A blue phone icon appears at the top of the screen, each student clicks on the blue phone icon, and the students are instantly joined in a voice conversation. All calls are downloaded to the nearest data center with lightning speed to ensure smooth call quality. The platform, using Twilio Voice, eliminates the need for students to have a cell phone. Everything the students need to talk with each other and work together is available within the platform with the click of a button.
“It’s been night and day. We have videos of students exclaiming that they love the phone feature, and teachers have been able to see how communicating with their peers has really enhanced the learning in the classroom—especially when children are isolated at home,” Soloway said.
Teachers implement best practices in classroom learning
According to a recent report, students are hungry for an online learning platform that features increased interaction between teachers and fellow students since shifting to learning online due to the pandemic.
Teachers love the phone functionality because it gives them a greater amount of flexibility over the techniques they use to enrich the learning process. Michigan K-12 classroom instructor Monique Coulman frequently uses discussion between students to help them think deeper about the lesson: she does what she calls a “turn and talk,” where students have conversations in real-time about the lesson, supporting best practices that say discussion is key to learning and motivation.

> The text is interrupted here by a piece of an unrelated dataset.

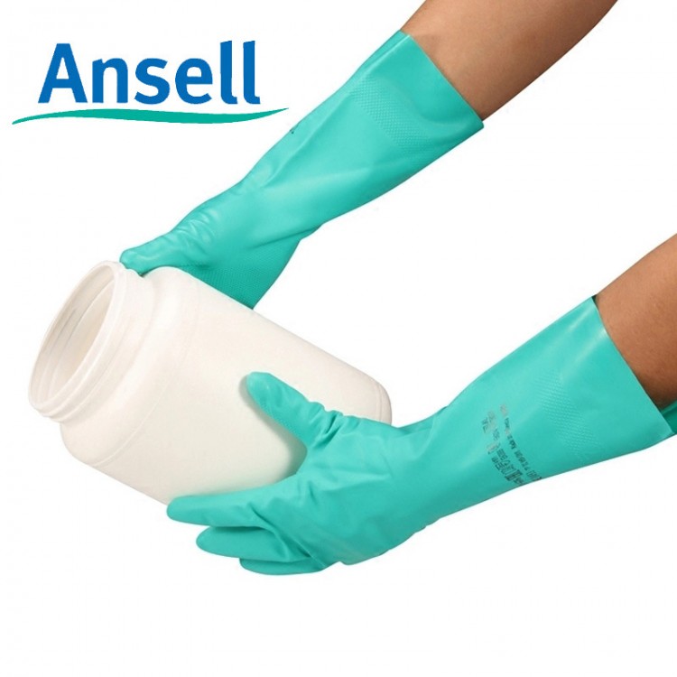 ansell/安思爾 37-676綠色丁腈手套 防化酸堿勞保防護(hù)手套 棉質(zhì)襯里可接觸食物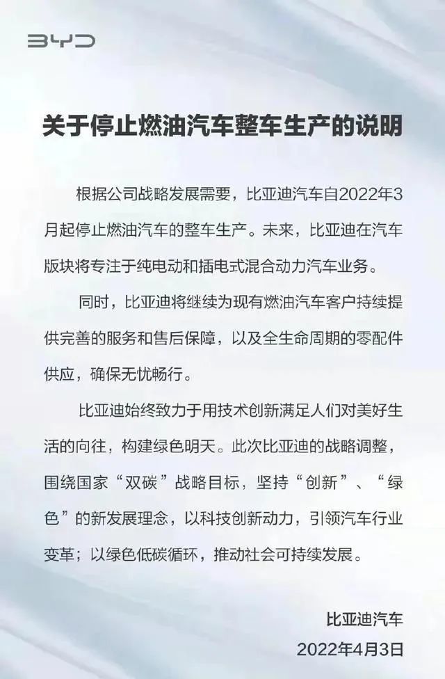 4月3日,比亚迪汽车正式宣布,根据其战略发展需要,自2022年3月起停止燃油汽车的整车生产。未来,比亚迪将专注于纯电动和插电式混合动力汽车业务。

Dawn Michalak, an instructor at a Michigan elementary school, recalls how the feature has helped students bridge the gap between in-person and distance learning: “I had a student quarantined but was able to work with a classmate who was at school via Roadmap and the phone feature. I felt it kept him connected and engaged.”
Leading discussions where each student can contribute meaningfully to the lesson requires preparation and creativity on the part of the teacher. There is little space for teachers to interrupt the student’s learning flow by fumbling around with how to join phone lines to create a breakout discussion group or implement a separate digital collaboration tool.

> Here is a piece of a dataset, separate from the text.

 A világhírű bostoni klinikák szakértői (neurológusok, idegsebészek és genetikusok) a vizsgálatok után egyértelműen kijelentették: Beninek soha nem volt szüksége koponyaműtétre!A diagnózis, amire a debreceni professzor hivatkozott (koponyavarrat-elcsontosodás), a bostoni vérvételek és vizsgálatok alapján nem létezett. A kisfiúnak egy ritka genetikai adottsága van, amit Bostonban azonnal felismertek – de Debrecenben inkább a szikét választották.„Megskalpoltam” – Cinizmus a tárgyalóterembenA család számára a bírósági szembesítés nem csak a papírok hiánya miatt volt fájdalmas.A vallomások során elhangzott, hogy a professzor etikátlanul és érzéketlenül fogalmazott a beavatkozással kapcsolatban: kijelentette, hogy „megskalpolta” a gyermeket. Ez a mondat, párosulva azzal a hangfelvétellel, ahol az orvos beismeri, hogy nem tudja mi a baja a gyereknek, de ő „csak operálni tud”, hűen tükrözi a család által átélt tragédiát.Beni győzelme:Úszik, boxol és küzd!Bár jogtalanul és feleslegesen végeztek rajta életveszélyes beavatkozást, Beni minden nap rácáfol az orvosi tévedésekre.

“The feature also gives the teacher the ability to listen in and feel like they are more in control as they can understand what the kids are doing, and how they can help,” Soloway said.
Once classroom learning time is over, teachers use the same voice API technology in the platform to meet with other teachers to talk about what’s working and how to make improvements to their Roadmaps.

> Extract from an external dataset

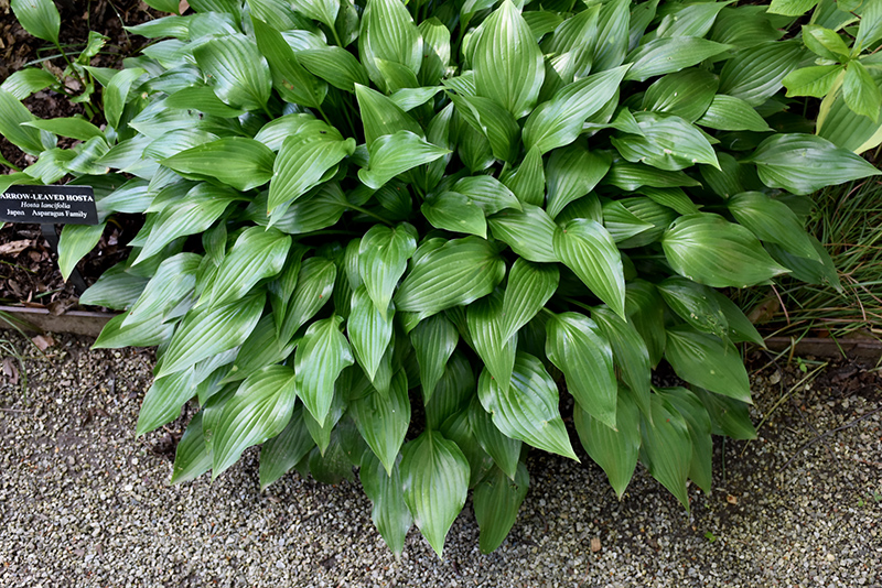 Lanceleaf Hosta will grow to be about 18 inches tall at maturity extending to 24 inches tall with the flowers, with a spread of 3 feet. When grown in masses or used as a bedding plant, individual plants should be spaced approximately 30 inches apart. Its foliage tends to remain dense right to the ground, not requiring facer plants in front. It grows at a medium rate, and under ideal conditions can be expected to live for approximately 10 years. As an herbaceous perennial, this plant will usually die back to the crown each winter, and will regrow from the base each spring. Be careful not to disturb the crown in late winter when it may not be readily seen!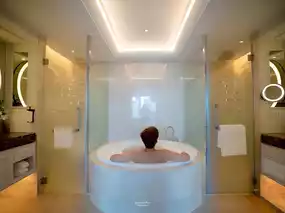 What cannot be left unmentioned is the amenities in the room. They have a smart tablet that can adjust the air conditioning, turn on/off the lights in the room, change the TV channel, order food from room service, or check out the hotel's promotions. There are also various modern and complete amenities. Another thing I like is the bath products they use Balmain. The scent is so noble and fragrant.

Collaborative online learning beyond the pandemic
The University of Michigan’s application of Twilio Voice in the Collabrify Roadmap Platform offers numerous benefits for students and teachers. The system is simple enough for even the youngest students to master. Students in kindergarten are adept at using the technology and feel comfortable enough to be an active participant in the online learning environment. The phone feature is built right into the platform. It’s not just another complicated add-on or after-thought that requires teachers to have a deep knowledge of computer coding.
Educators are working with researchers in Michigan’s Center for Digital Curricula to figure out what learning will look like beyond the pandemic. In fall 2021, the center will roll out the capability for connecting after-school tutors to students using the phone feature. Also, parents will be able to talk to their children’s teachers, as well as support personnel, through the phone feature.
“The overarching goal is to use technology, especially Twilio’s Voice technology, to provide a better learning environment for children,” Soloway said.